Editorial: Doctor in The Dock

Noorulann Shahid

As the late King of Pop Michael Jackson’s doctor Conrad Murray was recently found guilty of involuntary manslaughter by the unanimous decision of the jury, the theme of responsibility and ethics in the medical profession has hit the headlines once more. Murray has always protested his innocence, but despite this, the guilty verdict did not seem to shock him. His crime was dispensing Jackson the drug propofol; a powerful anaesthetic traditionally for use in hospitals.

All doctors must swear by the Hippocratic Oath, which includes the statement: “I will use treatments for the benefit of the ill in accordance with my ability and my judgment, but from what is to their harm and injustice I will keep them.” The opposition lawyer and loyal Jackson fans have repeatedly accused Murray of being negligent as he provided Jackson with propofol with the knowledge that he was heavily addicted and reliant upon it as an insomniac.

Any doctor with morals would have refused; the jury heard from many doctors who said that they, if faced with the situation, would have walked away from Jackson’s request without a second thought. His request was for propofol every night for two months. But Murray obliged. Why? Murray admitted he thought he had “hit the jackpot” when Jackson had offered financial compensation of a tempting £93,000 a month, and also admitted he was “motivated by the money”.

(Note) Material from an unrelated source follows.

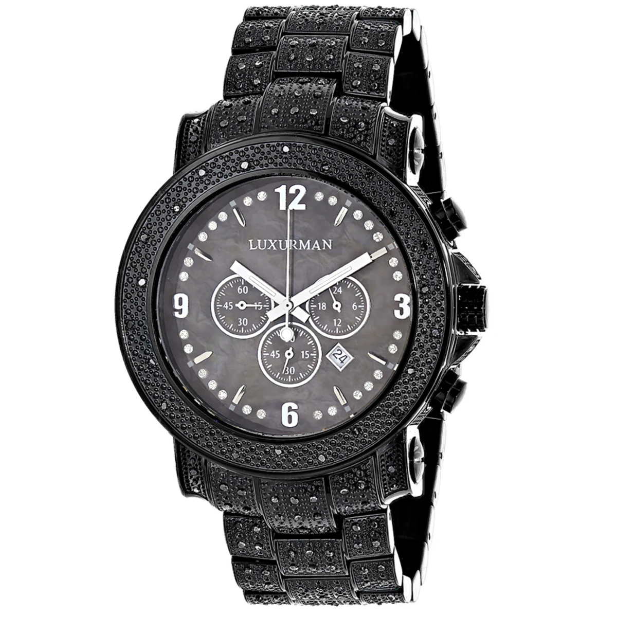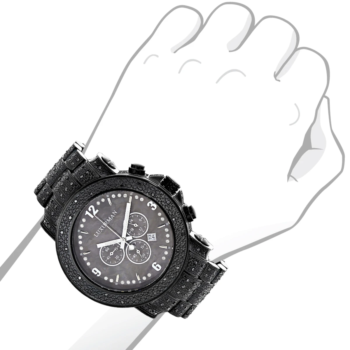 Luxurman Black Diamond Watch For Men 2ct Fully Iced Out Oversized

Perhaps Murray was also motivated by treating one of the world’s most famous pop stars. It is clear that Jackson was under immense pressure rehearsing for his sell-out 50-date comeback tour at the O2 arena in London. The defence have suggested that after Conrad left that night, Jackson may have intravenously taken another small dose of propofol. Whether or not this is true, it is Conrad himself who made the drug accessible to Jackson, and Jackson clearly trusted Murray with his life.

An odd analogy it may be, but take the example of a drug dealer and a drug addict. The drug addict will do whatever he can to get access to the drug he so desperately craves. The drug dealer is aware of the dangers of drugs, but is mainly motivated by the money, so will continue to supply regardless. This analogy is similar to the circumstances of Jackson’s death, but there is a crucial difference. A drug dealer is incomparable to a doctor since a doctor has sworn to the Hippocratic Oath and has a responsibility towards his patient.

It is clear that Murray was driven by money; which is hard to blame him for in the materialistic society we live in. But the jurors believe he was also negligent on a second count, since he failed to call for an ambulance quickly enough. He may have hesitated upon realisation of the consequences of his actions.

Murray is to be sentenced later this month, and will be remanded in custody until then, as his request for bail was denied, since the judge feared he may flee and that he may pose a threat to the public. He could face up to four years.He is innocent in that he did not intent to kill Michael, but he is guilty for providing him with the fatal drug that ultimately ended his life.